Convidado pela Prefeitura da Cidade do Rio de Janeiro, através da Secretaria Municipal de Cultura, Marcos Sacramento subiu ao palco do Teatro Carlos Gomes na noite de segunda-feira (28/03/2001) para celebrar o centenário de Assis Valente. Compositor de sambas maliciosos, muitos deles lançados pela musa Carmen Miranda, o mulato baiano chegou ao Rio de Janeiro em 1927, onde viveu até dar cabo da própria vida às vésperas de seu 47º aniversário, bebendo guaraná com formicida.
Transitando pelo ambiente extremamente machista e moralista da boêmia carioca dos anos 1930, 1940 e 1950, Assis vivia reprimindo sua homossexualidade, temendo as maledicências da sociedade da época. A vida dupla – do efêmero casamento arranjado para manter as aparências nasceu sua única filha, Nara – foi retratada em ‘Gosto mais do outro lado’ (1934).
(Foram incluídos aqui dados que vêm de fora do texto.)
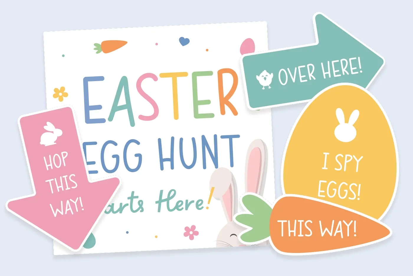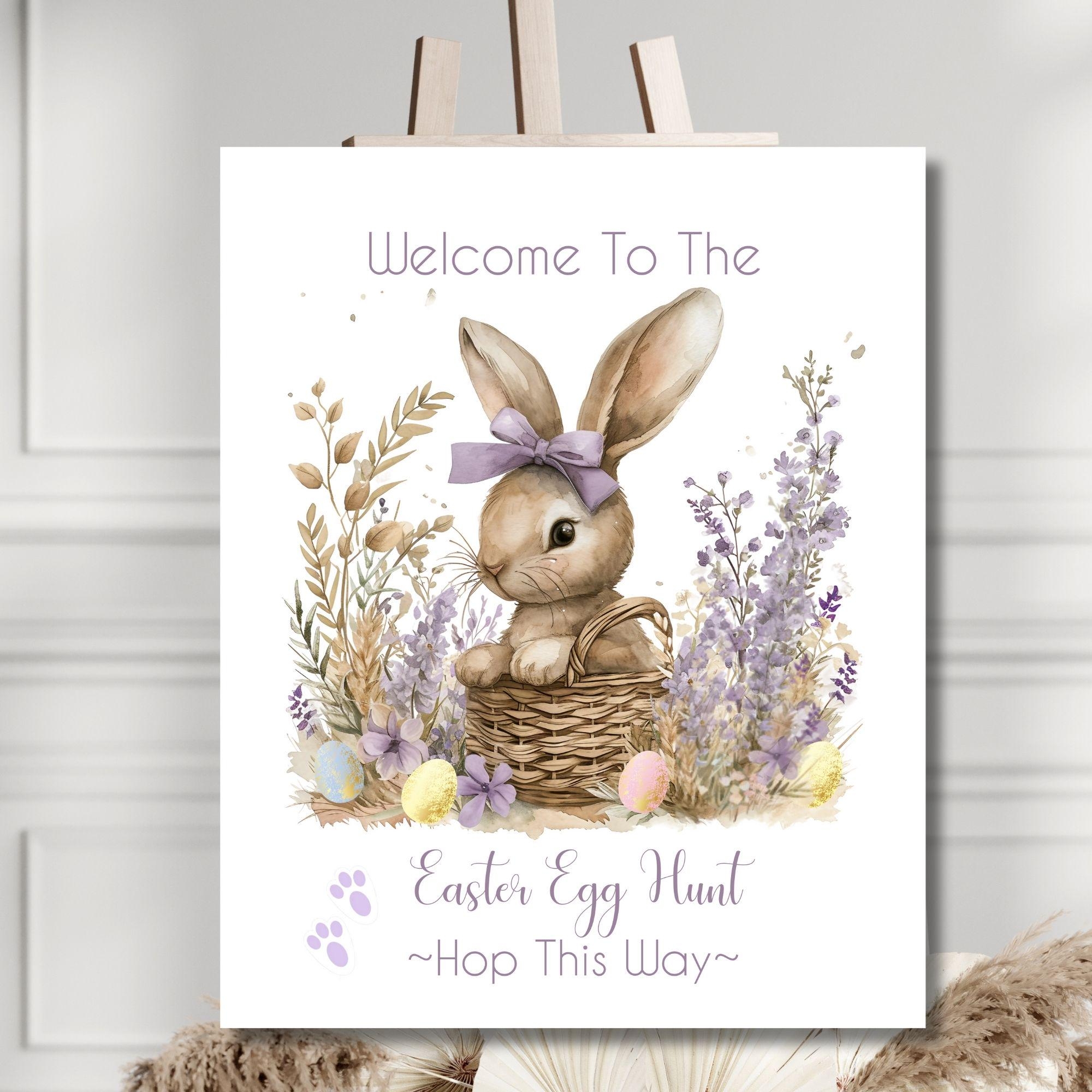 With its charming design featuring cute bunnies hopping along, this printable sign is perfect for directing guests to the right place or simply adding a festive touch to your decor. You can easily print it out at home or your local print shop, making it a convenient and affordable option for your event.

Muitas de suas composições foram feitas sob a ótica feminina: as clássicas ‘Camisa listrada’ (1937), ‘Recenseamento’ (1940) e ‘Fez bobagem’ (1942), além da obscura (mas não menos genial) ‘Amanhã eu dou’ (1942), entre outras. “É o samba que traduz meu prazer e minha dor”, sentenciou em ‘Batuca no chão’ (1945), parceira com Ataulfo Alves.
Misturando amargura e ‘Alegria’ (1937), Assis Valente criou sua batucada injetando altas doses de brejeirice em ‘Maria Boa’ (1936), ‘E o mundo não se acabou’ (1938), ‘Uva de caminhão’ (1939) e na pouco conhecida ‘A Maria é a maior’ (1954).
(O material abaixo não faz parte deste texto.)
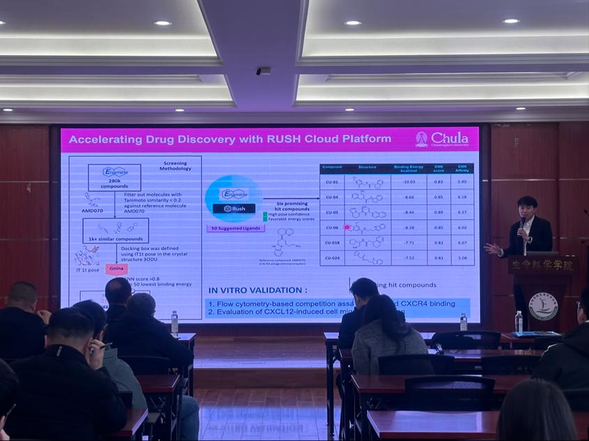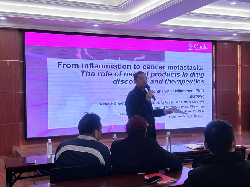 本次报告围绕炎症在癌症发生、发展和转移中的作用以及天然产物在药物开发中的潜力展开,包含以下三个部分:(1)炎症在肿瘤发生中的作用机制;(2)天然产物在抗炎和抗癌药物开发中的优势与应用;(3)基于天然产物的新型药物研发策略与实例。报告内容涵盖了Nonthaneth Nalinratana所在团队的研究成果以及最新进展,对天然产物在药物开发中的研究具有重要的指导意义。会后,与会师生和Nonthaneth Nalinratana博士就感兴趣的问题进行了深入的交流和讨论。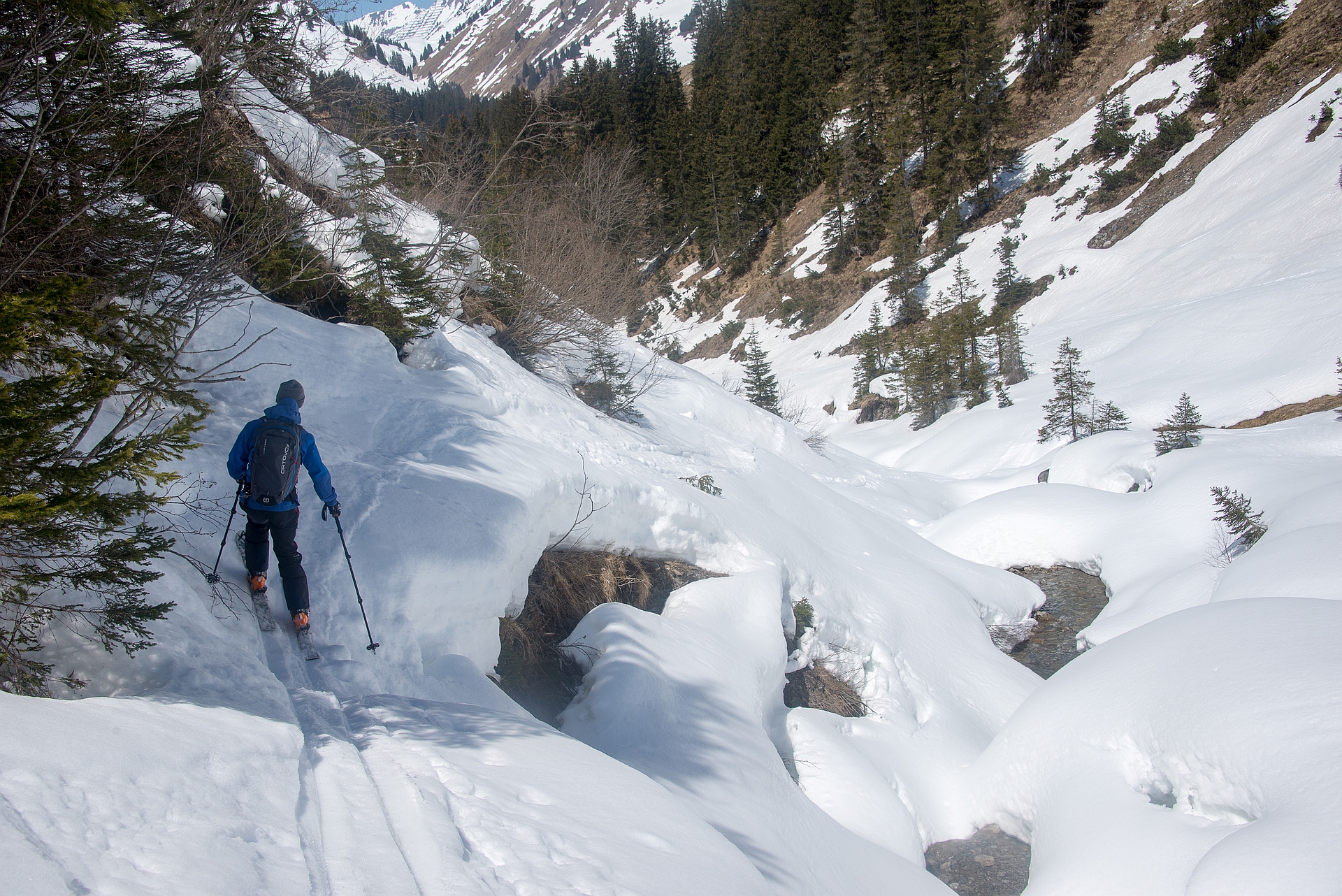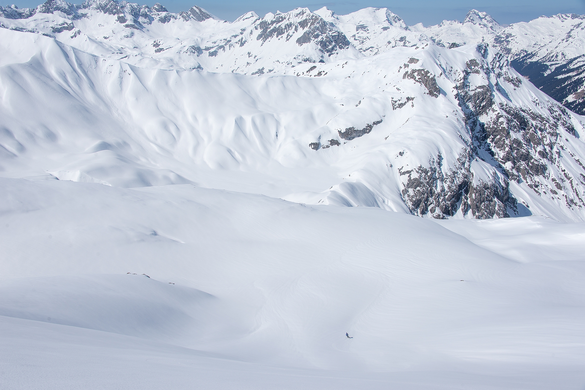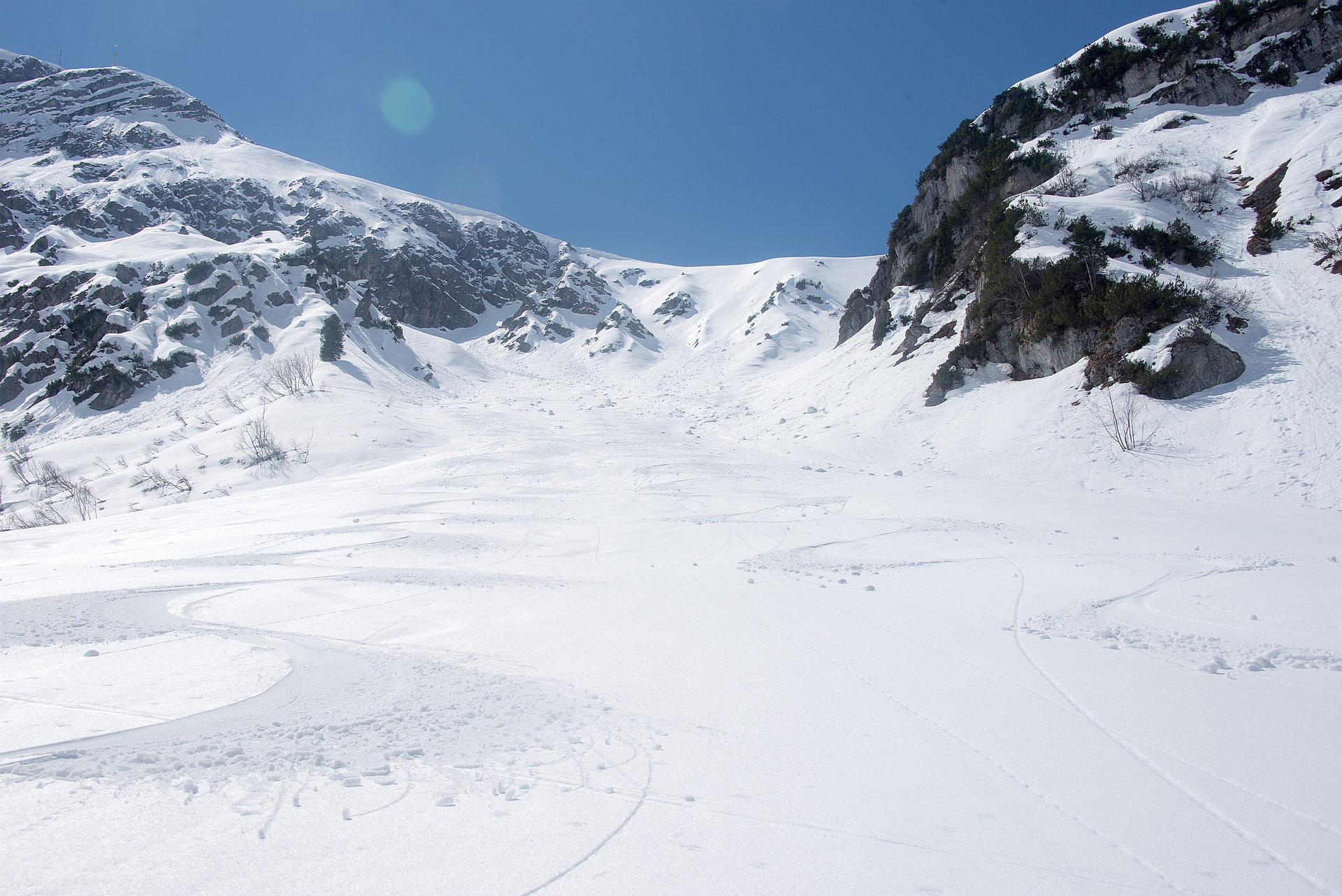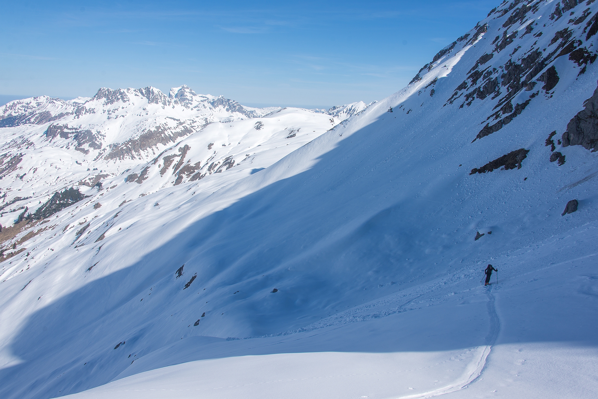 Nach einer kurzen nordseitigen Abfahrt vom Rüfikopf gehts hinein in die steile Rinne, genannt "Langer Zug"

Carmen foi sua principal intérprete, gravando vinte e cinco composições, entre elas ‘E bateu-se a chapa’ (1935) e ‘Isto não se atura’ (1935), mas a primeira cantora a gravar um samba de Assis Valente foi Aracy Cortes com ‘Tem francesa no morro’ (1932).
O autor de ‘Brasil pandeiro’ (1940) foi gravado por várias cantoras. De Aracy de Almeida a Gal Costa, de Maria Alcina a Zezé Motta. Aparentemente, os sambas buliçosos do centenário compositor não seduziram as novíssimas gerações de intérpretes femininas, cabendo a Marcos Sacramento a honra de traduzir brilhantemente todas as nuances das canções citadas neste texto durante o show.
Acompanhado dos músicos Luiz Flávio Alcofra (violão), Pedro Aune (baixo), Ruy Alvim (sopros) e Netinho Albuquerque (percussão), Marcos mostrou (mais uma vez) seu valor, abusando das síncopes para pontuar a malícia das verdadeiras crônicas de costumes escritas pelo compositor. Valente, Sacramento subiu o tom em alguns números, mostrando habituais domínios vocais e cênicos, na apresentação memorável que merecia registro para a posteridade.